Amazon has a great deal on these pans so I took the leap two days ago and now have them in my kitchen.

here

They are beautiful and everything I expected. This is my first "nice" set of cooking equipment, with my previous experience being the lowly hand-me-downs from my mother when I moved away to college. I'm hardly a chef, but I did know enough to not want non-stick pans or their respective carcinogens in my blood.

So, how would I go about seasoning these pans (if neccessary)? Currently they are right out of the box and haven't been washed yet.

Thanks!


----------



## suzanne (May 26, 2001)

While some nonstick benefits may come from seasoning, that's not the main reason to do it. The point of seasoning is to seal the pores in the metal, which would otherwise corrode with use. It's my understanding that only cast-iron and nonstainless-steel pans (such as steel woks and black steel omelet pans) need to be seasoned. Also, it is done so the metal is no longer reactive with acids, which also corrode.

Anodized aluminum has been formulated and processed so that it won't corrode and is nonreactive, so it shouldn't need seasoning. Just give it a wash and dry before using, and happy cooking! Do let us know how you are getting used to them; I know some people who adore them!

(but you might want to wait until others here chime in, just in case I'm wrong. :suprise: )


----------



## nobodyspecial (Dec 8, 2005)

Excellent! I read the instructions for it when I got home from work and it appears you are correct in that it does NOT need seasoning. Man, I can't wait to start using it!

Where does everyone get their recipes on the internet? I used to cook in a restaraunt, so I'm not a complete beginner, but my recipe knowledge is very limited.
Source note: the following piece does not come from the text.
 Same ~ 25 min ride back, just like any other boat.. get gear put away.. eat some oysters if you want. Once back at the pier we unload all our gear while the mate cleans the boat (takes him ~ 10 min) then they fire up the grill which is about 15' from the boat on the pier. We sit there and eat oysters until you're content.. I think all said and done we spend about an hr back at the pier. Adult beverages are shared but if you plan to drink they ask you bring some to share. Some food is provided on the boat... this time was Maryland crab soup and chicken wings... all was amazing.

Where could I find a few easier recipes that would give me a nice intro to cooking chicken breasts in this beautiful skillet, for instance? I'd like to try something where I actually use wine to deglaze the pan and eat it instead of using water to deglaze it for cleaning.

Thanks again!


----------



## suzanne (May 26, 2001)

Iirc, we had a discussion some time ago about cooking chicken. :talk: Try using the "Search this topic" function just above your first post on this thread. You can also look in the "Cook's Corner" and "Recipes" parts of the site.

Mmmm, chicken. :lips:


----------



## gonefishin (Nov 6, 2004)

Hi there...


looks like your SomebodySpecial after all...getting a nice deal like that 



Something to keep in mind with your Calphalon pans. Note all the instructions for care and up-keep. 

Absolutely no dishwashers...only handwash!
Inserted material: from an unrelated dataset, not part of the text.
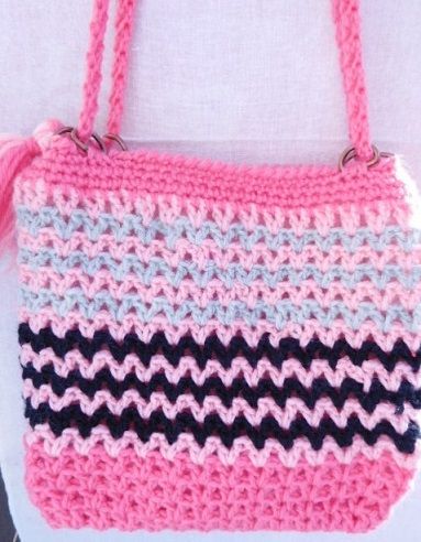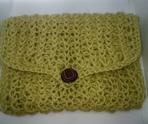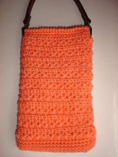 スタークロッシェ編みのスマホポーチです。持ち手は100円ショップで購入

No metal utensils. Get a couple high temp plastic...and some nice wooden spoons.

If you've got something stuck on. Don't panic and start scraping...fill it with water...bring to a boil...and then use a wooden spoon to loosen the stuck on bits. If that doesn't work...try a soak after.
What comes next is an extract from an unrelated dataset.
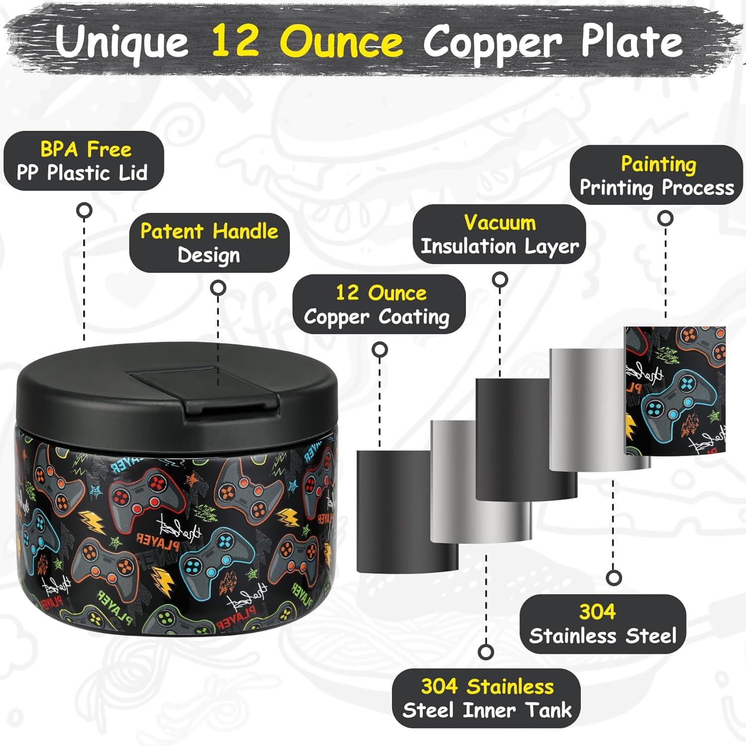 12oz Insulated Vacuum Food Jar with Buckle Lid Wide Mouth Soup Thermo for Hot Food Kids Leakproof Stainless Steel Lunch Container (Black-Game)

When using your pans...be sure to preheat them to an effective temperature. This will help give your food a nice sear...and help that it doesn't stick(as bad) to the bottom. 

Also...don't try to turn your food before it's ready to be turned. Many times the food will release (or partially release) when it's ready to turn. Playing with your food (by moving it around) can do damage as well. I have to fight with myself all the time...just leave it alone (I'll tell myself) 


congrats!
dan


----------